Los pilotos no me prestaban atención, concentrándose por completo en entregarme y no caerse del cielo.
Después del largo viaje que había tenido, metida en una caja en forma de ataúd con orificios de ventilación básicos, un paquete de galletas rancias, salami caducado con grasa, dos botellas de agua y un balde para las llamadas de la naturaleza, este era un método de transporte incomparable.
No sabía cuánto tiempo había volado en ese ataúd de madera, pero el zumbido de mis oídos y el hielo en mi piel decían que no era con una aerolínea comercial. Yo había sido mercancía de carga. De contrabando. Oculta.

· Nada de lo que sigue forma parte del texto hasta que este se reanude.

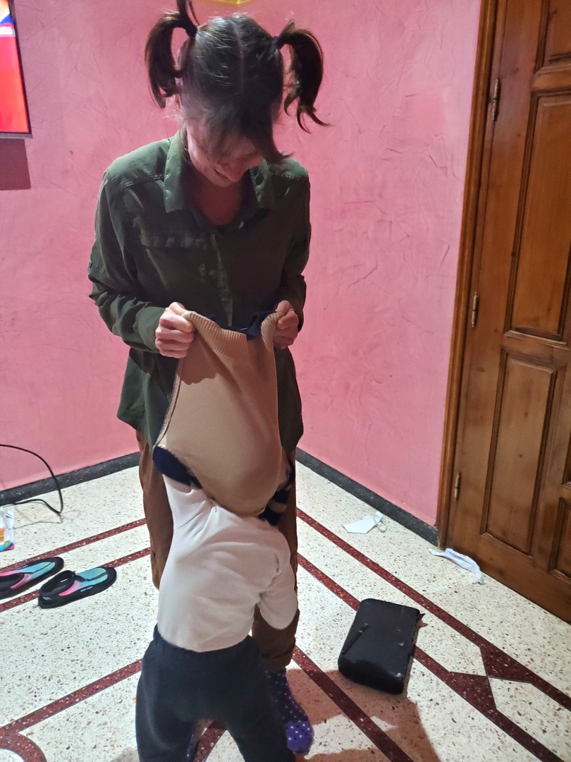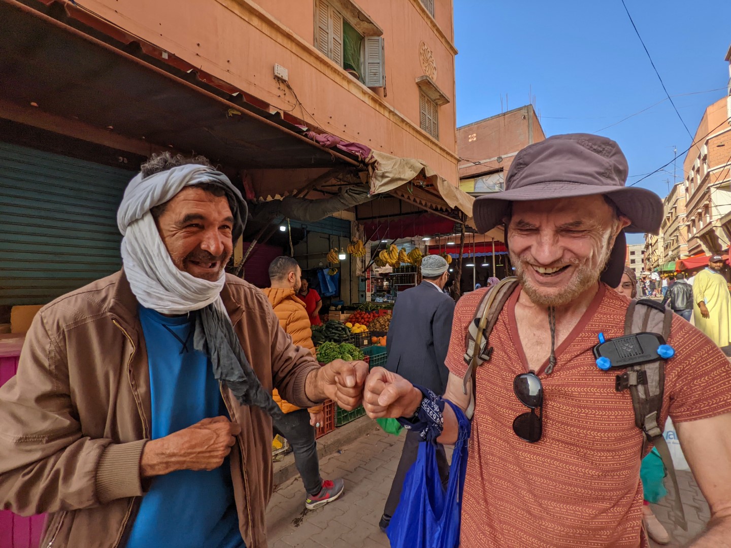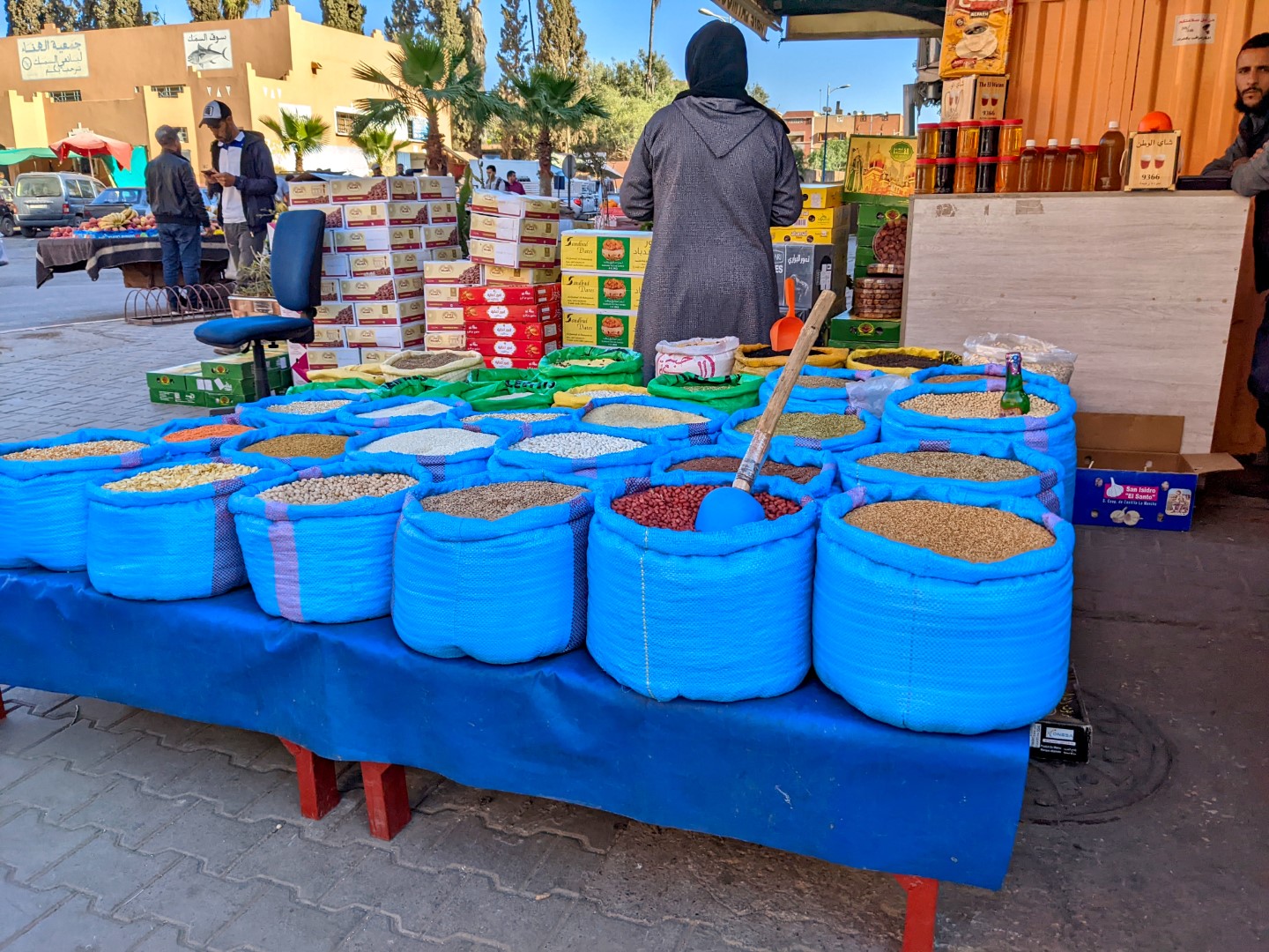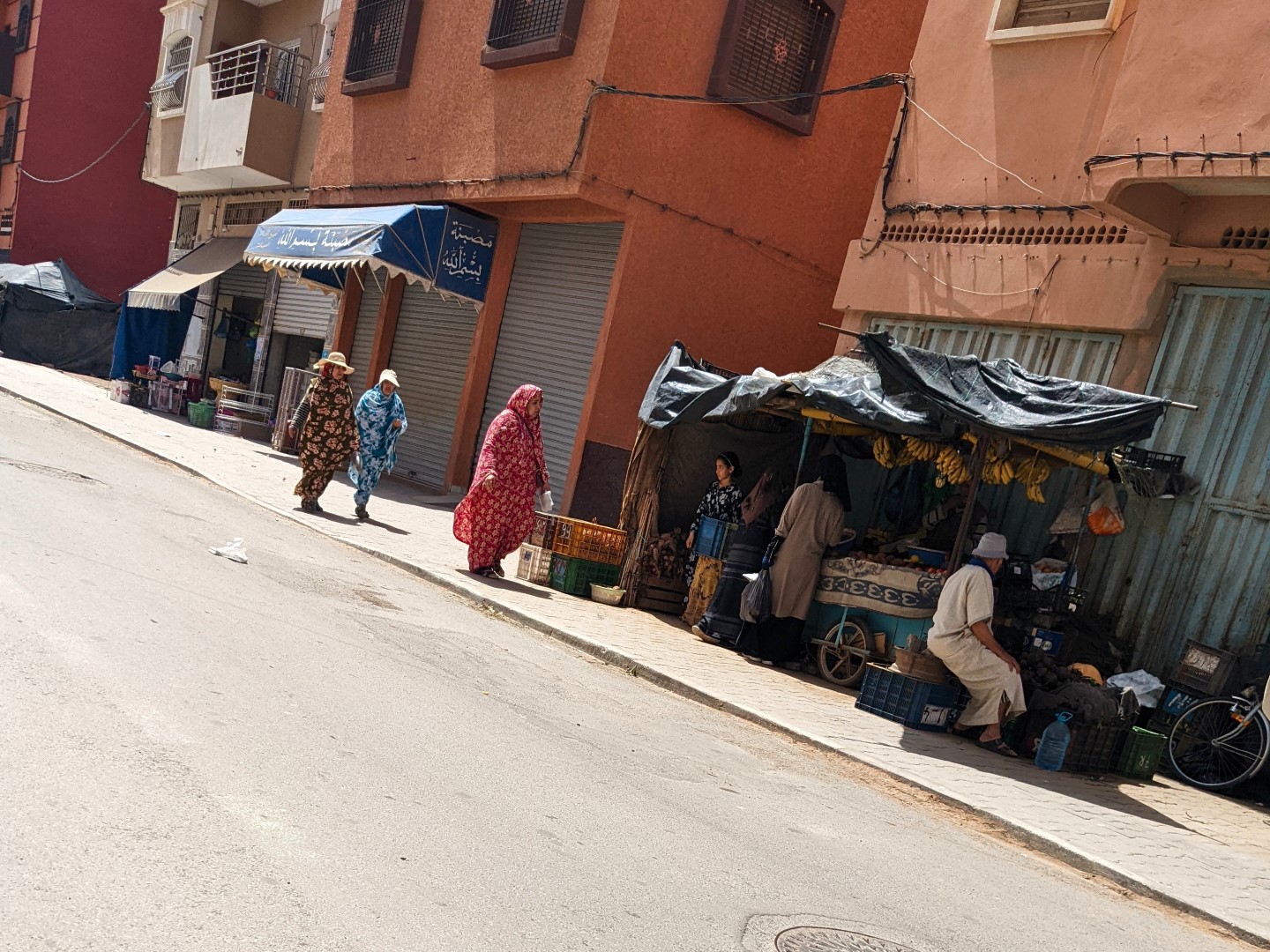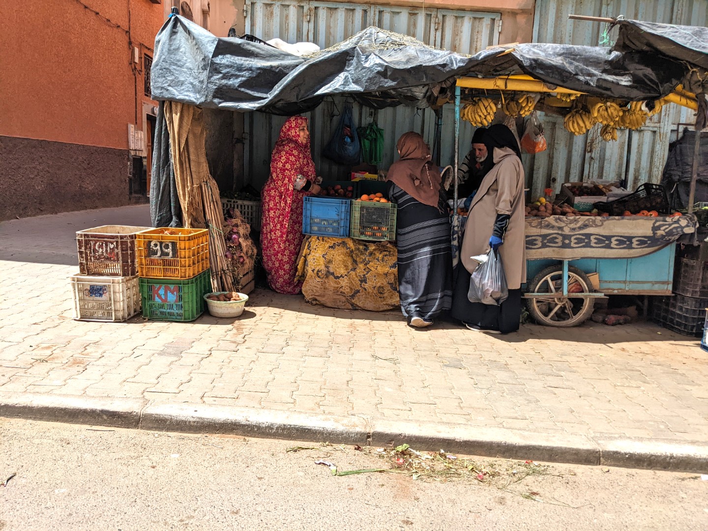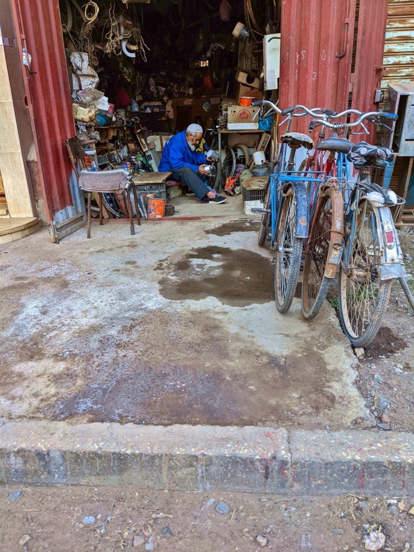 Almost nobody we saw in this town wore a COVID mask or used hand sanitizer. Since we were fully vaccinated and boosted, we usually didn’t wear a mask either (we did try to practice safe distancing, wore masks when the situation called for it and we used sanitizer when we could get our hands on it). From what we gather many Moroccans, at least in Ouled Teima, are still unvaccinated. One individual we talked to even asked us whether we “believe in” the virus – echoing the attitude, all too common in the States, that scientific and statistical fact are subject to verification by comparison to personal beliefs.

Me había desvanecido dentro y fuera de la conciencia, gracias a las drogas que me habían dado, y recurrí a usar el cubo y mordisquear galletas rancias, haciendo todo lo posible por mantenerme abrigada en la inútil vestimenta que me habían dado. Dejé el salami, a pesar de que el hambre se hacía cada vez más insistente.
Renunciar a la carne no había sido una decisión consciente, más como una barrera fundamental que ya no podía cruzar. Nunca me había gustado el sabor de la carne animal cocida, y un día, así, mi brújula moral y mi paladar se rebelaron.
Eso había sido hace cuatro años.
¿Qué pasaría con esa elección personal ahora que ninguna de mis opciones me pertenecía? ¿Me alimentarían con una dieta de cadáveres y productos animales? ¿Si me daban la opción de escoger entre comida no comestible o el hambre? ¿O se me permitiría mantener mi régimen?
Las preguntas se sumaron a las miles de otras que había tenido desde que me desperté con el golpe de un Boeing disparándome de la tierra al cielo y llevándome a quién diablos sabía dónde.
En mi caja de madera, no tenía nada con qué perder el tiempo, así que me aferré a las preguntas en lugar de arrepentirme. No podía pensar en Scott ni en la floreciente relación que habíamos compartido. No podía pensar en mis amigos que había dejado atrás o en el hecho de que no había llamado a mis padres en semanas porque el roaming internacional era muy caro.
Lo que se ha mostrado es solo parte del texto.